2-Methoxyestradiol in Treating Patients With Advanced Solid Tumors

Basic Trial Information

Phase
 Type
 Status
 Age
 Sponsor
 Protocol IDs

Phase I
Treatment
Completed
18 and over
NCI
MAYO-MC0017
NCI-3356, NCT00028821, 3356

Objectives

  1. Determine the optimal biologic dose and/or maximum tolerated dose of 2-methoxyestradiol in patients with advanced solid tumors.
  2. Determine the qualitative and quantitative toxic effects of this drug in these patients.
  3. Determine the pharmacokinetics and metabolism of this drug in these patients.
  4. Determine the biologic changes within the tumor of these patients when treated with this drug.
  5. Correlate the pharmacokinetics and toxicity of this drug in these patients.
  6. Evaluate the biologic evidence of angiogenesis inhibition in patients receiving this drug.
  7. Correlate genetic polymorphisms in cytochrome P450 and sulfotransferases isoforms with the pharmacokinetics of this drug.

Entry Criteria

Disease Characteristics:

  • Histologically confirmed solid tumor that is clinically unresectable
    • No known standard therapy that is potentially curative or definitely capable of extending life expectancy
    • Patients with multiple myeloma may be enrolled to expansion cohort once the recommended phase II dose is established


  • Tumor amenable to serial biopsy


  • No bone metastases as only site of disease


  • No CNS metastases


Prior/Concurrent Therapy:

Biologic therapy:

  • More than 4 weeks since prior biologic therapy
  • More than 4 weeks since prior immunotherapy
  • No concurrent immunotherapy

Chemotherapy:

  • More than 4 weeks since prior chemotherapy (6 weeks for nitrosoureas or mitomycin) and recovered
  • No concurrent chemotherapy

Endocrine therapy:

  • No concurrent megestrol

Radiotherapy:

  • More than 4 weeks since prior radiotherapy
  • No prior radiotherapy to more than 25% of bone marrow
  • No concurrent radiotherapy

Surgery:

  • See Disease Characteristics
  • No prior extensive resection of terminal small bowel
  • No prior major resection of the stomach or proximal small bowel

Other:

  • No other concurrent ancillary investigational therapy

Patient Characteristics:

Age:

  • 18 and over

Performance status:

  • ECOG 0-2

Life expectancy:

  • At least 12 weeks

Hematopoietic:

  • Absolute neutrophil count at least 1,500/mm3
  • Platelet count at least 100,000/mm3
  • Hemoglobin at least 10.0 g/dL

Hepatic:

  • Bilirubin normal
  • AST no greater than 2.5 times upper limit of normal (ULN)

Renal:

  • Creatinine no greater than 1.5 times ULN

Cardiovascular:

  • No New York Heart Association class III or IV heart disease

Gastrointestinal:

  • Adequate oral intake
  • No malabsorption syndrome
  • No disease of terminal small bowel
  • No dysphagia or other condition that would interfere with ability to swallow intact capsules

Other:

  • No clinical contraindications (e.g., anticoagulant therapy) to biopsy
  • No uncontrolled infection
  • No seizure disorder
  • Not pregnant or nursing
  • Negative pregnancy test
  • Fertile patients must use effective contraception

Expected Enrollment

A total of 42-60 patients will be accrued for this study within 19 months.

Outline

This is a dose-escalation study.

Patients receive oral 2-methoxyestradiol (2-ME) once daily. Courses repeat every 28 days in the absence of disease progression or unacceptable toxicity.

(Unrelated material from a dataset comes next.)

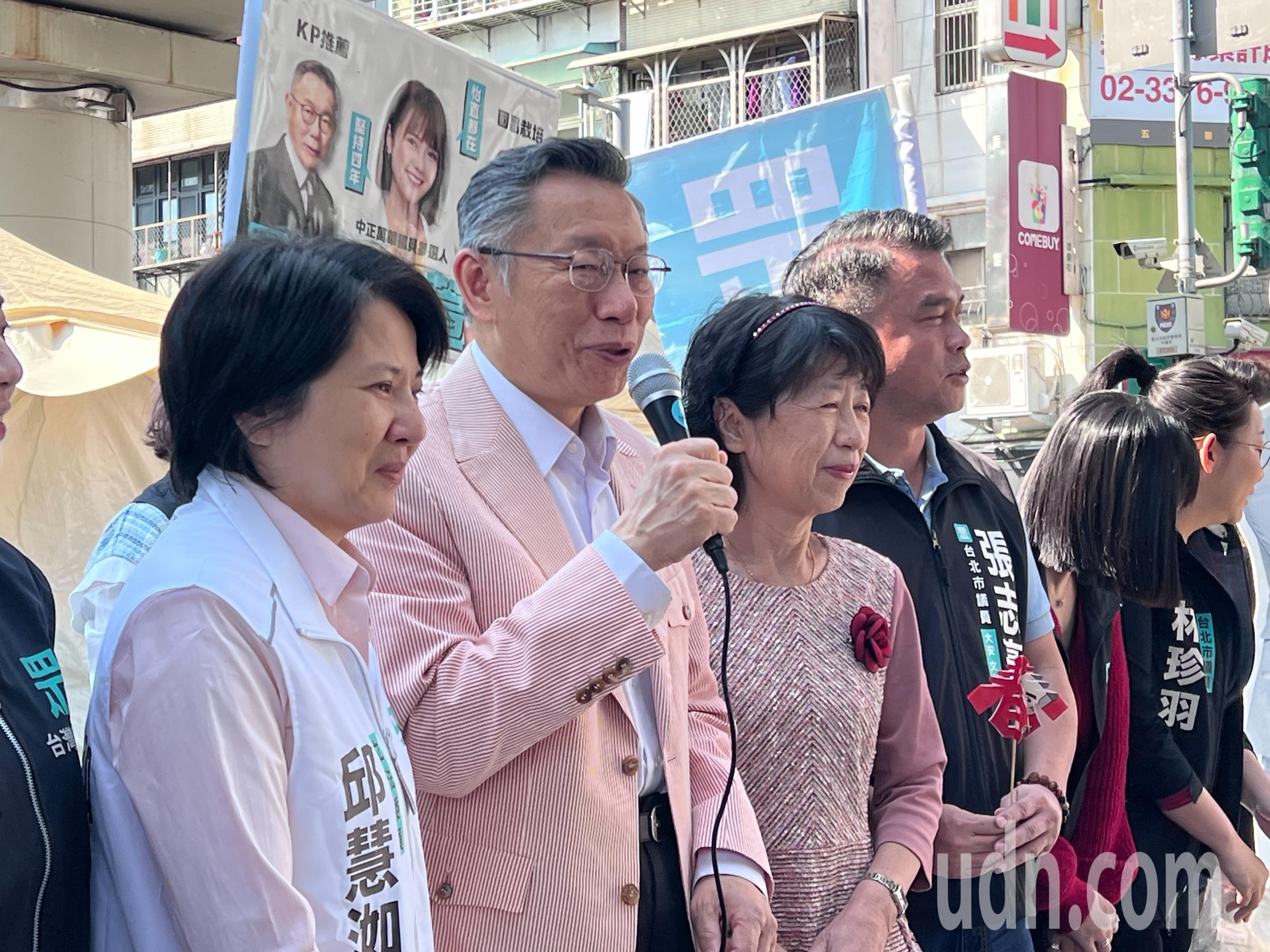 民眾黨前主席柯文哲偕妻子陳佩琪上午與秘書長周榆修、北市黨部主委邱慧洳、北市議員黃瀞瑩、張志豪、陳宥丞、林珍羽、中正萬華區議員參選人吳怡萱等人,在捷運圓山站外發送春聯、紅包、發財金。

Cohorts of 3-6 patients receive escalating doses of 2-ME until the maximum tolerated dose (MTD) is determined. The MTD is defined as the dose preceding that at which at least 2 of 3 or 2 of 6 patients experience dose-limiting toxicity. Additional patients are treated at the MTD.

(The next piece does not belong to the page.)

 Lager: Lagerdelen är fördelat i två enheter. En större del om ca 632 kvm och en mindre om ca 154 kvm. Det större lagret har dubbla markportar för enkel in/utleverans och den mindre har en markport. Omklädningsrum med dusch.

Patients are followed for 3 months.

Trial Contact Information

Trial Lead Organizations

Mayo Clinic Cancer Center

Charles Erlichman, MD, Protocol chair
Ph: 507-284-2511
Email: erlichman.charles@mayo.edu

Registry Information
Official Title A Phase I and Pharmacologic Study of 2-Methoxyestradiol in Patients with Advanced Solid Tumors
Trial Start Date 2002-01-03
Registered in ClinicalTrials.gov NCT00028821
Date Submitted to PDQ 2001-11-09
Information Last Verified 2006-05-03
NCI Grant/Contract Number P30-CA15083, U10-CA69912

Note: The purpose of most clinical trials listed in this database is to test new cancer treatments, or new methods of diagnosing, screening, or preventing cancer. Because all potentially harmful side effects are not known before a trial is conducted, dose and schedule modifications may be required for participants if they develop side effects from the treatment or test. The therapy or test described in this clinical trial is intended for use by clinical oncologists in carefully structured settings, and may not prove to be more effective than standard treatment. A responsible investigator associated with this clinical trial should be consulted before using this protocol.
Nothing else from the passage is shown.